Conformal Prediction is a distribution-free framework that provides prediction sets with coverage guarantees for black-box models. In regression tasks, the efficiency of conformal prediction is typically measured by the expected length of the prediction interval—the smaller the prediction set, the better, provided the coverage condition \(\mathbb{P}[Y \in \mathcal{C}(X)] \geq 1-\alpha\) is met.

Existing efficiency analyses mainly face two issues:

Asymptotic Analysis: Proving that prediction sets converge to the oracle set as the sample size goes to infinity, but failing to provide finite-sample guarantees.

Prior Non-asymptotic Bounds: Typically treating \(\alpha\) as a constant and only considering the impact of the calibration set size \(m\), while ignoring the effects of the training set size \(n\) and the value of \(\alpha\).

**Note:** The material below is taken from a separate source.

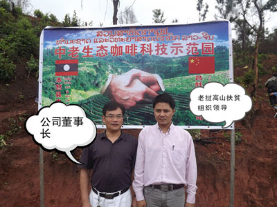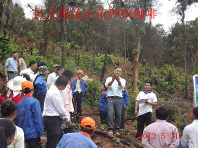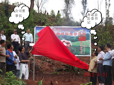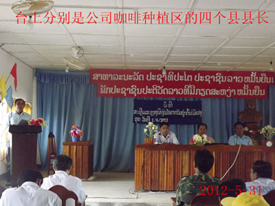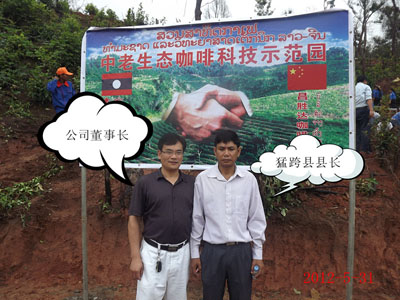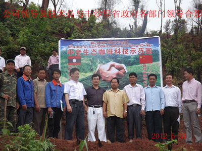 2012年5月31日公司举行了“中老咖啡科技示范园”挂牌仪式活动,公司董事长尹新华、总经理吴建新出席了此次活动,其中丰沙里省计划投资厅副厅长、老挝高山扶贫组织领导、奔诺县县长、县委书记及各部领导、丰沙里省其余各个县领导特意参加了此次活动,并对公司未来的发展和公司为当地姓所做的贡献给予了大力的支持和充分的肯定,活动分三部分举行:第一,上午老挝时间八点整,在奔诺县政府举行“中老生态咖啡科技示范园”挂牌仪式会议;第二,公司领导、老挝方面各部门领导及其余与会人员参加“中老咖啡科技示范园”揭牌仪式的活动现场和参观公司的苗圃基地;第三,活动后的午餐会。

In practical safety-critical applications (healthcare, finance, autonomous driving), \(\alpha\) is usually set very small to ensure high coverage, yet the behavior of efficiency in these cases remains unclear. This paper fills this theoretical gap by providing the first non-asymptotic characterization of efficiency with respect to the triplet \((n, m, \alpha)\).

Method

Overall Architecture

The paper analyzes two regression variants under the split conformal prediction framework: Conformalized Quantile Regression (CQR), which uses a linear model to estimate conditional upper and lower quantiles to construct adaptive asymmetric intervals, and Conformalized Median Regression (CMR), which only estimates the conditional median and uses the absolute residual as the non-conformity score to construct symmetric intervals. Both are trained using SGD. The objective of the analysis is the expected absolute deviation between the prediction set length and the oracle interval length \(\mathbb{E}[\,||\mathcal{C}(X)| - |\mathcal{C}^*(X)|\,|]\), explicitly decomposing this deviation into training sample size \(n\), calibration sample size \(m\), and miscoverage rate \(\alpha\).

Key Designs

1. Four-term Efficiency Bound for CQR-SGD: Decomposing Length Deviation into \((n, m, \alpha)\) Dimensions

Previous non-asymptotic analyses often treated \(\alpha\) as a constant and focused solely on the calibration set size \(m\), which fails in safety-critical scenarios where \(\alpha\) is very small. Theorem 3.2 provides a complete bound \(\mathbb{E}[\,||\mathcal{C}(X)| - |\mathcal{C}^*(X)|\,|] \leq \mathcal{O}(n^{-1/2} + (\alpha^2 n)^{-1} + m^{-1/2} + \exp(-\alpha^2 m))\), where the four terms have distinct origins: \(n^{-1/2}\) is the standard training error of quantile regression, \((\alpha^2 n)^{-1}\) represents the amplification of training error as \(\alpha\) decreases, \(m^{-1/2}\) is the finite-sample effect of the calibration set, and \(\exp(-\alpha^2 m)\) characterizes the exponential decay of calibration when \(\alpha\) is small. This bound holds under the assumptions of a well-defined linear model (Assumption 3.1), bounded covariance (Assumption 3.2), and conditional density regularity (Assumption 3.3). The terms \((\alpha^2 n)^{-1}\) and \(\exp(-\alpha^2 m)\) explicitly incorporate the role of \(\alpha\) into the efficiency bound for the first time.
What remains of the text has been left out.